─── SOURCE DATA ───

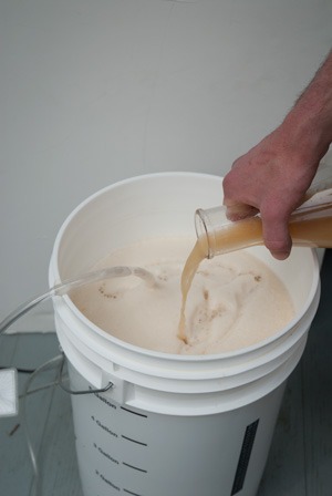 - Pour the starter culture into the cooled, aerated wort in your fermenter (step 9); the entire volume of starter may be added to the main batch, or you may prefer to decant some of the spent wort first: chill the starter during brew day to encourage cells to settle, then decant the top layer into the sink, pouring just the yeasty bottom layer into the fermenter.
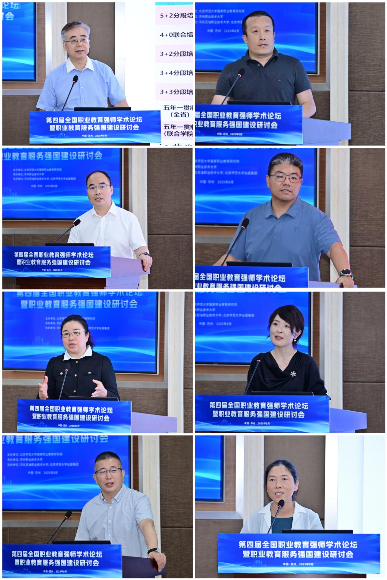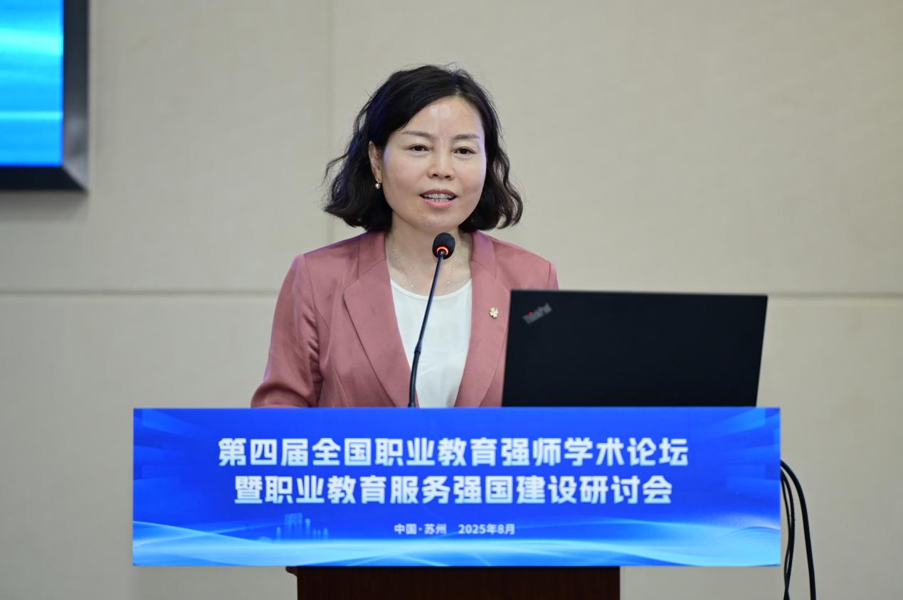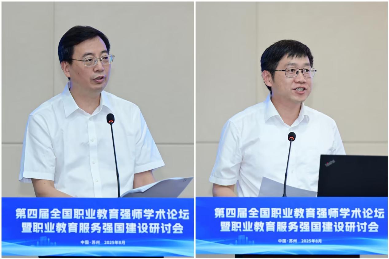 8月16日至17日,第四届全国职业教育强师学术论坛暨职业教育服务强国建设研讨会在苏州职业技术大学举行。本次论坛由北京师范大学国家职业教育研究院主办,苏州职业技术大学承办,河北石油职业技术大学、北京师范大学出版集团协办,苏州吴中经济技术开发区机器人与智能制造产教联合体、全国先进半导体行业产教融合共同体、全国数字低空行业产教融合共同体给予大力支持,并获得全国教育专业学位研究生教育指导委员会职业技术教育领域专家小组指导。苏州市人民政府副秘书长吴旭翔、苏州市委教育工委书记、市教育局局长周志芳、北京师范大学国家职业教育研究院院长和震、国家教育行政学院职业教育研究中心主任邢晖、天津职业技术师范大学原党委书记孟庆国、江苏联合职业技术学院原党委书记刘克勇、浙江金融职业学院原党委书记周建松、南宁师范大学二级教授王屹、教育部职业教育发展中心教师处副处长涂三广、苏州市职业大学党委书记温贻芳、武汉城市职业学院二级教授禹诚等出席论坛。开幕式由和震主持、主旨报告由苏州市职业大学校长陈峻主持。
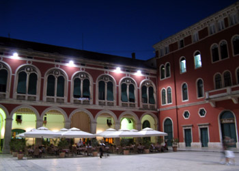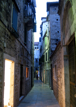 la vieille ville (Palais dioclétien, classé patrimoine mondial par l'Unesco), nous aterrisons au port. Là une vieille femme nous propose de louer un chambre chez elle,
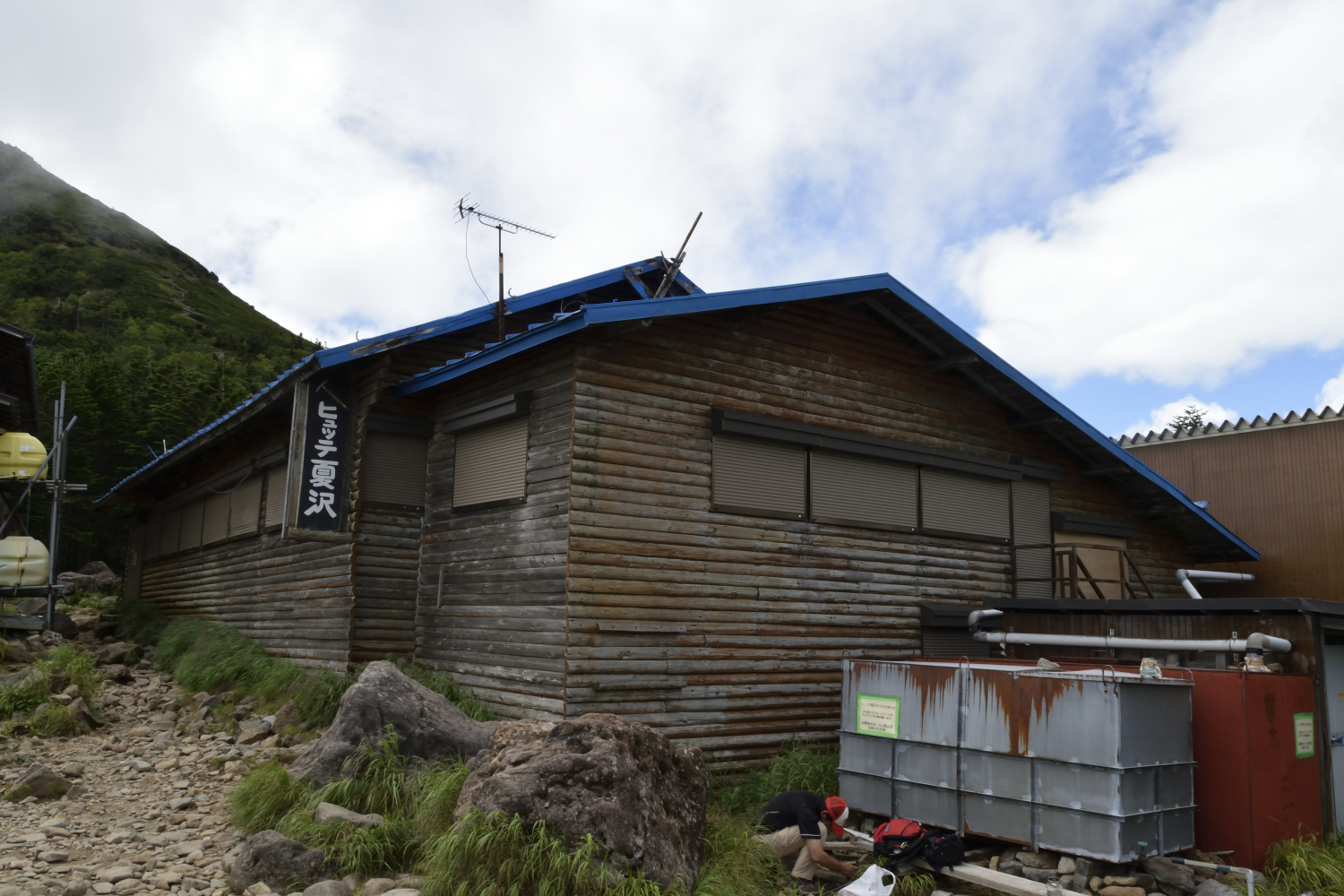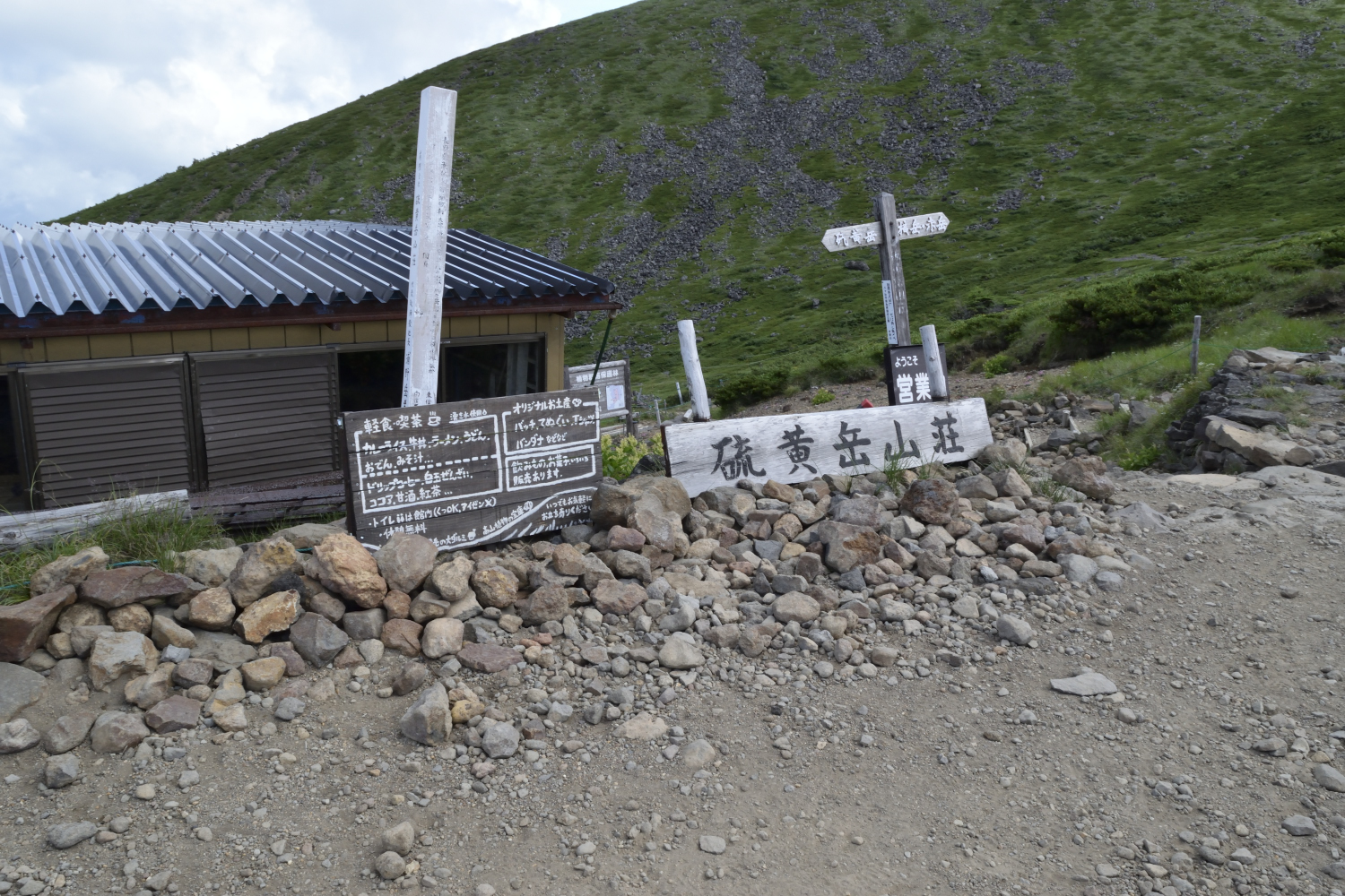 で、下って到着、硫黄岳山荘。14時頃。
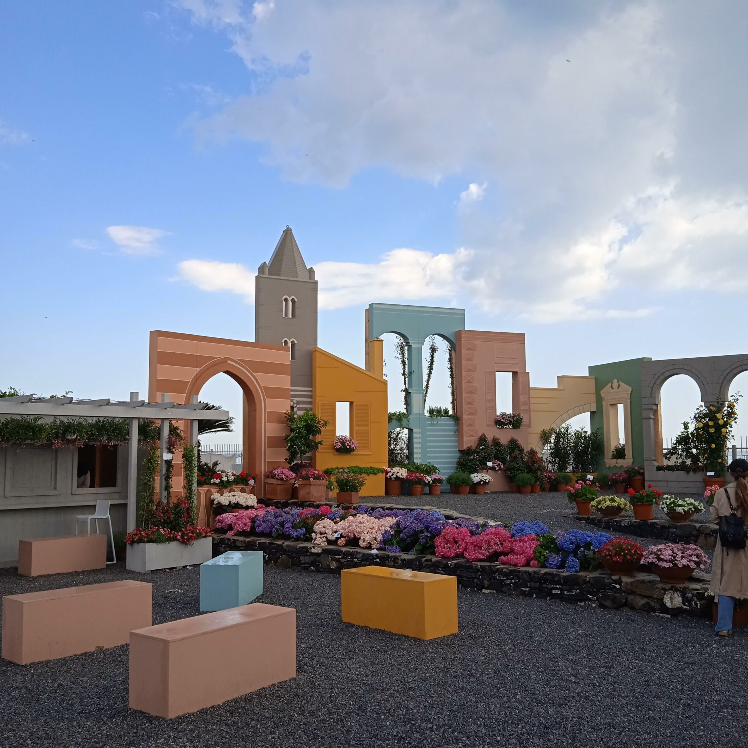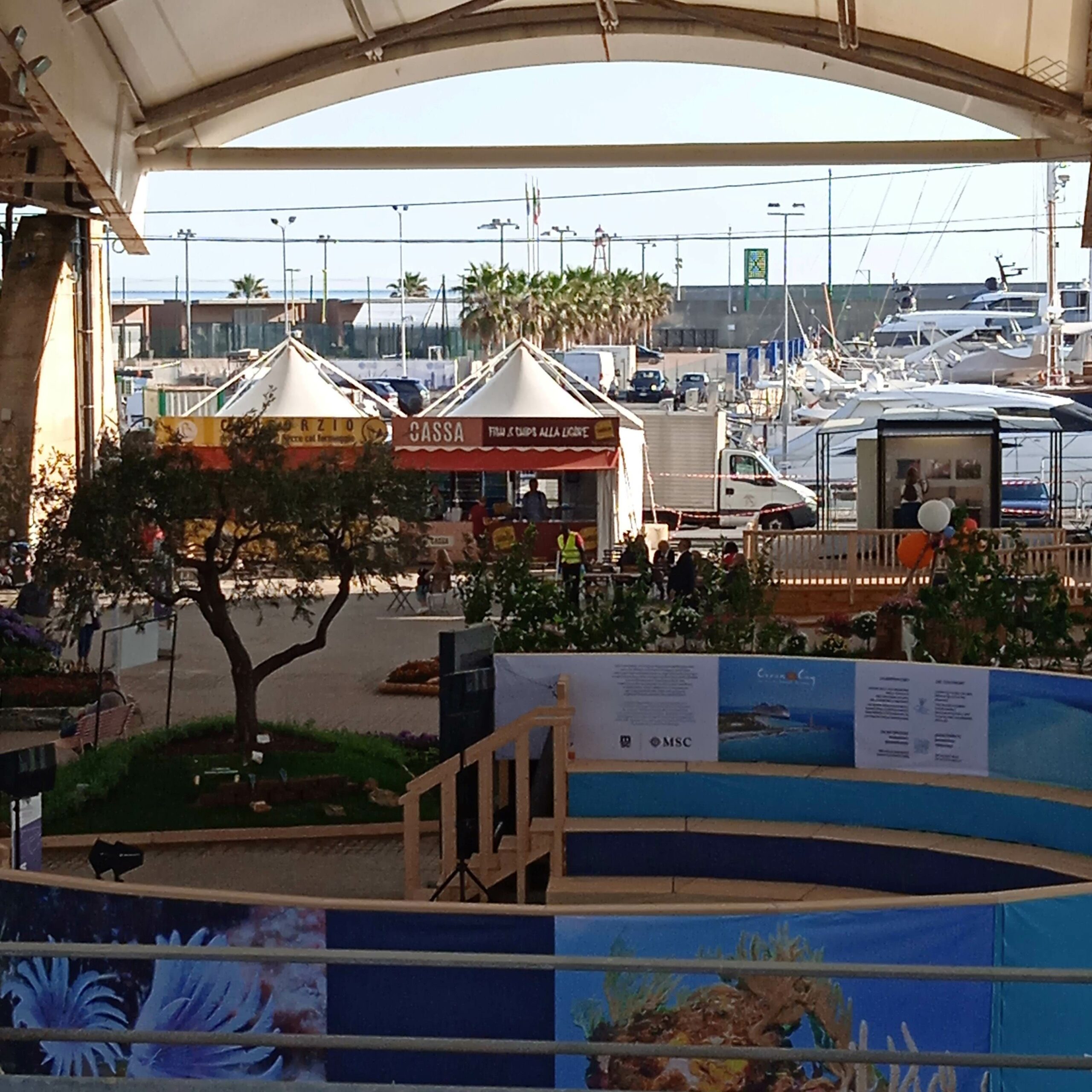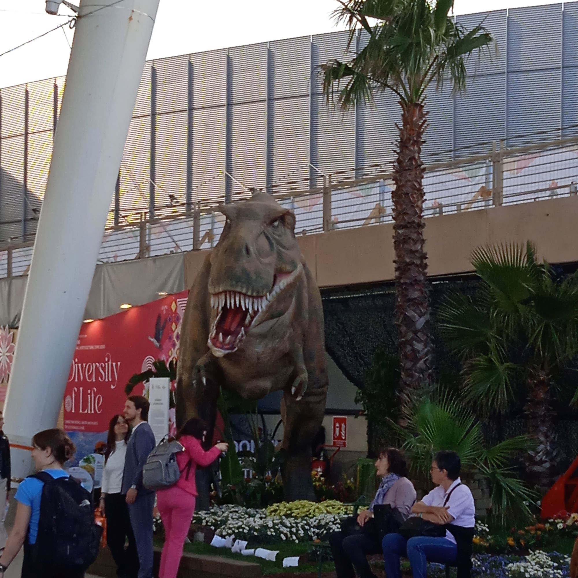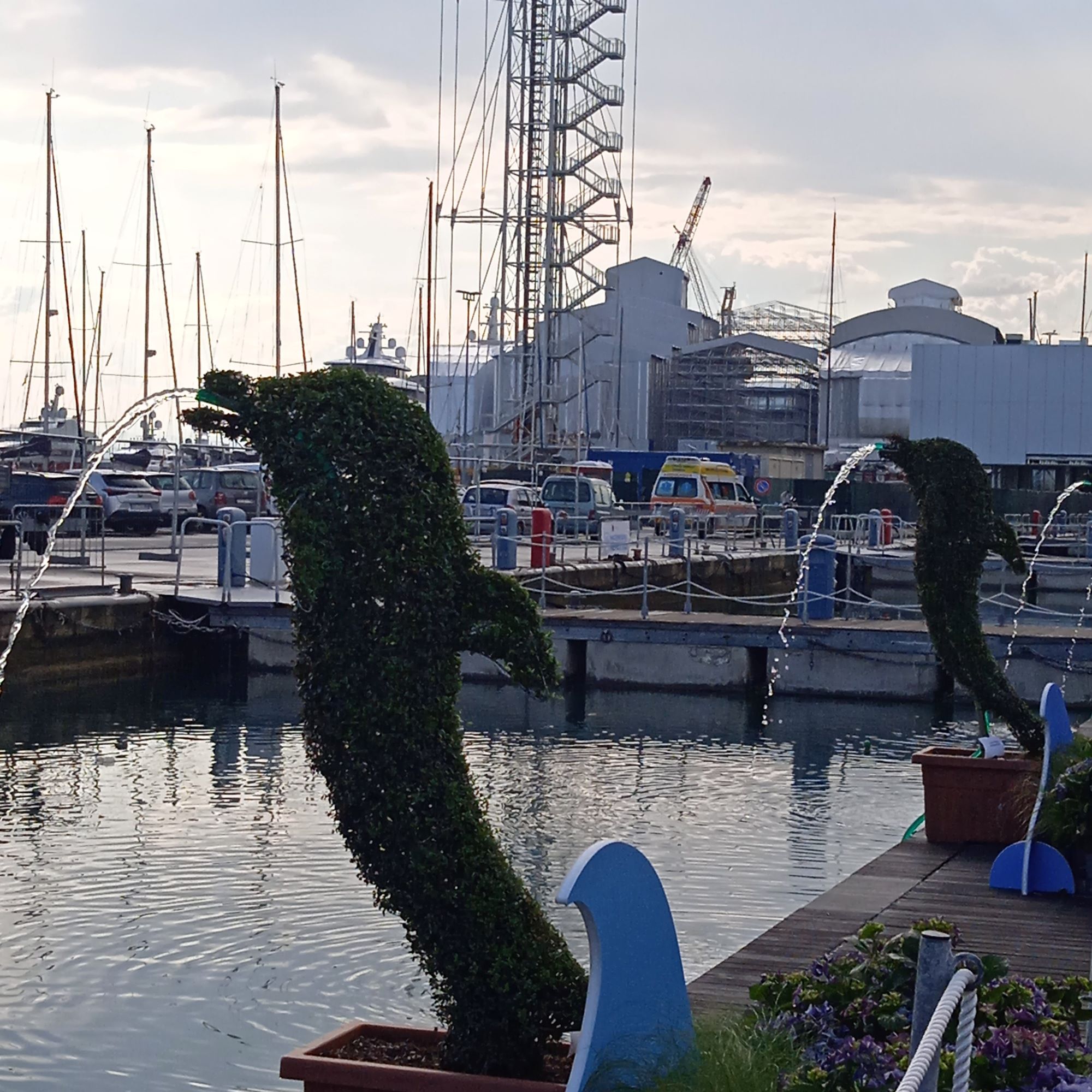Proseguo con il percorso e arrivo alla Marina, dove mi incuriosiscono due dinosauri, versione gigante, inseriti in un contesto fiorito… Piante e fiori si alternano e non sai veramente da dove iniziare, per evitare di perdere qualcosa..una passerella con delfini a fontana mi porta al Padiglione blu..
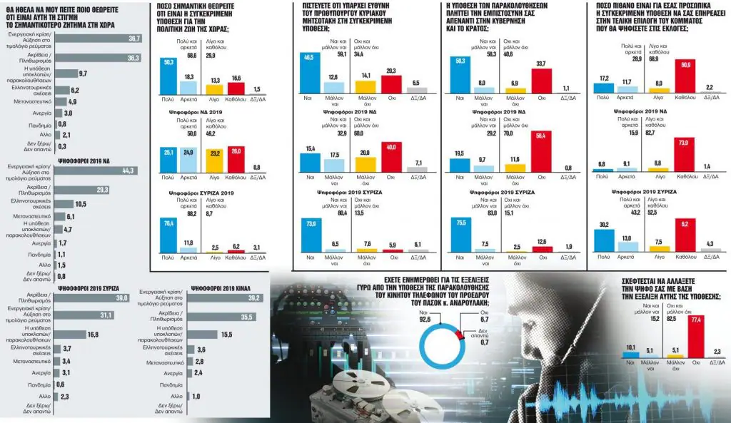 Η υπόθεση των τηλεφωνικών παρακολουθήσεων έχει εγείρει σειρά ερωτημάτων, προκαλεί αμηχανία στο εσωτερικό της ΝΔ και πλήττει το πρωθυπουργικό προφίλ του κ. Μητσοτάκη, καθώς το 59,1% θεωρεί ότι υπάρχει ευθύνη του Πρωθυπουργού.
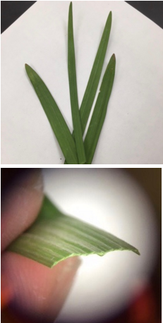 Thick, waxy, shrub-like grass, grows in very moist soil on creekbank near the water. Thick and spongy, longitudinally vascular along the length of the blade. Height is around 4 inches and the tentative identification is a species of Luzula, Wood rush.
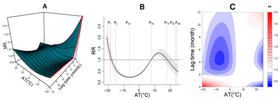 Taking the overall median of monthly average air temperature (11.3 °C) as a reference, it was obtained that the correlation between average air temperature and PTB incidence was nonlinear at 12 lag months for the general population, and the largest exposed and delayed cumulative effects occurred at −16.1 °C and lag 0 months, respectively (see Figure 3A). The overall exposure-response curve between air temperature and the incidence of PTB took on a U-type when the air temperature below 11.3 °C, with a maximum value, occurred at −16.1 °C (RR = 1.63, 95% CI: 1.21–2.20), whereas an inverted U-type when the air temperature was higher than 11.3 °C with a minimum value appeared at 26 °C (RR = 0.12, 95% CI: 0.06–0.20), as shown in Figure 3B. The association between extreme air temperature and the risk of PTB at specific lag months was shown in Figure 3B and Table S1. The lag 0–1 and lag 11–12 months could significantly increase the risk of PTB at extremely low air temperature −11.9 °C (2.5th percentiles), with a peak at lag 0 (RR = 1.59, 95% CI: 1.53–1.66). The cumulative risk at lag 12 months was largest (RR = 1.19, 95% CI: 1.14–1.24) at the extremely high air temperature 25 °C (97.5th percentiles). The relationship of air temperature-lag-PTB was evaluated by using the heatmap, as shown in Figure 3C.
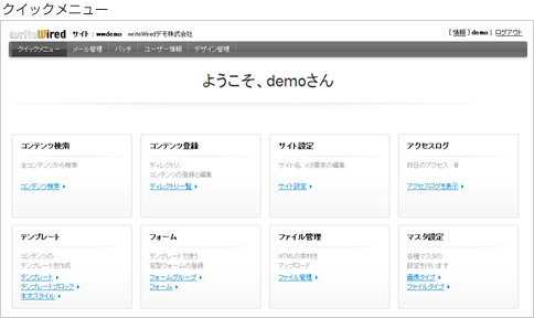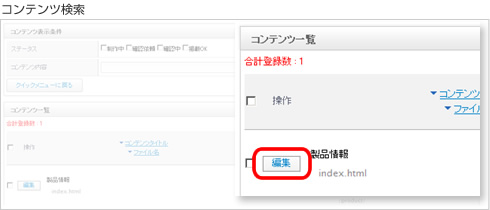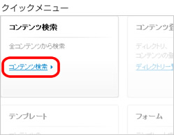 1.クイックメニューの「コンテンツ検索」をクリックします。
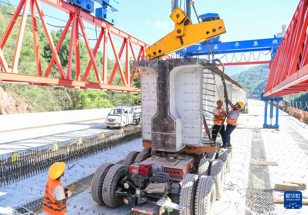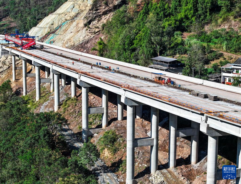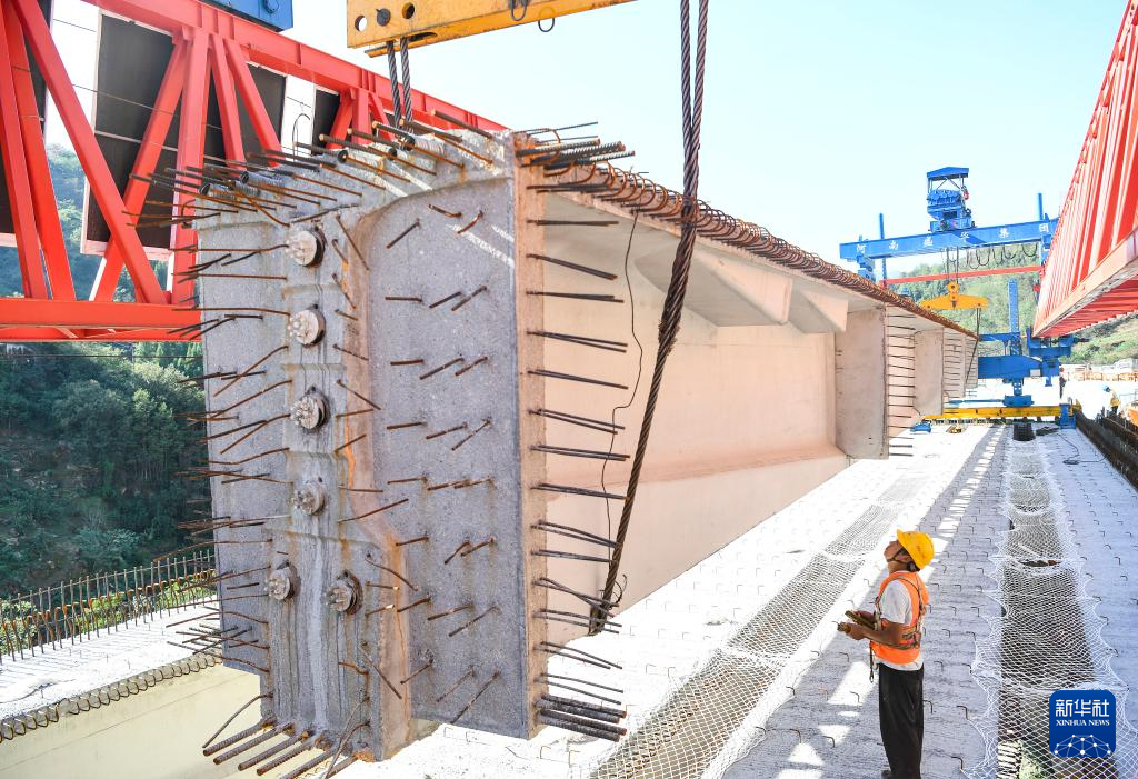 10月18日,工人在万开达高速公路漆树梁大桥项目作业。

───

EXERCISE DETAILS:
Look above for the line with "Proseguo con il" and the line with "Thick, waxy, shrub-like". Copy them and every line between, exactly, but no pictures.

RESULT FOR THIS TASK:
Proseguo con il percorso e arrivo alla Marina, dove mi incuriosiscono due dinosauri, versione gigante, inseriti in un contesto fiorito… Piante e fiori si alternano e non sai veramente da dove iniziare, per evitare di perdere qualcosa..una passerella con delfini a fontana mi porta al Padiglione blu..
 Η υπόθεση των τηλεφωνικών παρακολουθήσεων έχει εγείρει σειρά ερωτημάτων, προκαλεί αμηχανία στο εσωτερικό της ΝΔ και πλήττει το πρωθυπουργικό προφίλ του κ. Μητσοτάκη, καθώς το 59,1% θεωρεί ότι υπάρχει ευθύνη του Πρωθυπουργού.
 Thick, waxy, shrub-like grass, grows in very moist soil on creekbank near the water. Thick and spongy, longitudinally vascular along the length of the blade. Height is around 4 inches and the tentative identification is a species of Luzula, Wood rush.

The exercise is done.